Multiple Black parents are suing a Minnesota charter school board after their children were racially targeted by white students while at school.
Katelyn Hansen, Kali Proctor, Roynetter Birgans, and Desmond Gilbert initially filed the lawsuit against Duluth Edison Charter Schools in April 2019, following the attacks occurring at the Raleigh and North Star Academy campuses. The parents claim their children were spat on, beaten, called racial slurs, and school officials refused to intervene. Black students were repeatedly called the “N-word,” “monkeys,” and “negroes.”
In one shocking act of abuse in 2017, a white student at North Star Academy threatened to stab a biracial kindergartner with a screwdriver because she looked “different.” An older white student then punched the child so hard during a bus ride that it bruised her rib. Gilbert, the girl’s father, says he sought help from school officials multiple times but was brushed off.

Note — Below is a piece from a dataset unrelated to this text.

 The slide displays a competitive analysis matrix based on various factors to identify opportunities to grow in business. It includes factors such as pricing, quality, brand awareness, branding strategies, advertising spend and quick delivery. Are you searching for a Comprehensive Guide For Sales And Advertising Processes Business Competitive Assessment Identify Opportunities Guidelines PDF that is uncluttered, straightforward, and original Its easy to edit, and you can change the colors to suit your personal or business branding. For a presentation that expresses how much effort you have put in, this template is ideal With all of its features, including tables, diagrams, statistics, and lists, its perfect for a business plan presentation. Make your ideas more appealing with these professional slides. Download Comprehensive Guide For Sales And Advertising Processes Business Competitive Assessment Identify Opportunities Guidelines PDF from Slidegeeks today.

One of the school’s cultural liaisons, Chrystal Gardner, says that the N-Word was being used “loosely” by white students. However, Black students felt scared to raise their concerns out of fear of being ignored. She repeatedly notified school leadership regarding the “racially hostile culture” but says no action was taken. She was fired in June 2018 for complaining about racism and recently settled a separate lawsuit with Duluth Edison Charter Schools.

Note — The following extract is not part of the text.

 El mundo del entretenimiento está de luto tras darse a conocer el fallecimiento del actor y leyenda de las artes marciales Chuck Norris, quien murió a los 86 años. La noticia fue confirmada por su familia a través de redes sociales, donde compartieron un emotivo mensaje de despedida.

Tammy Rackliffe, a spokesperson for the charter school system, says that they vehemently deny any allegations of discrimination and “has vigorously defended itself against these false allegations.”
American Civil Liberties Union of Minnesota, the National Women’s Law Center, and several other organizations have banded together to support the parents and children mentioned in the lawsuit. None of the affected children still attended any institutions within Duluth Edison Charter Schools.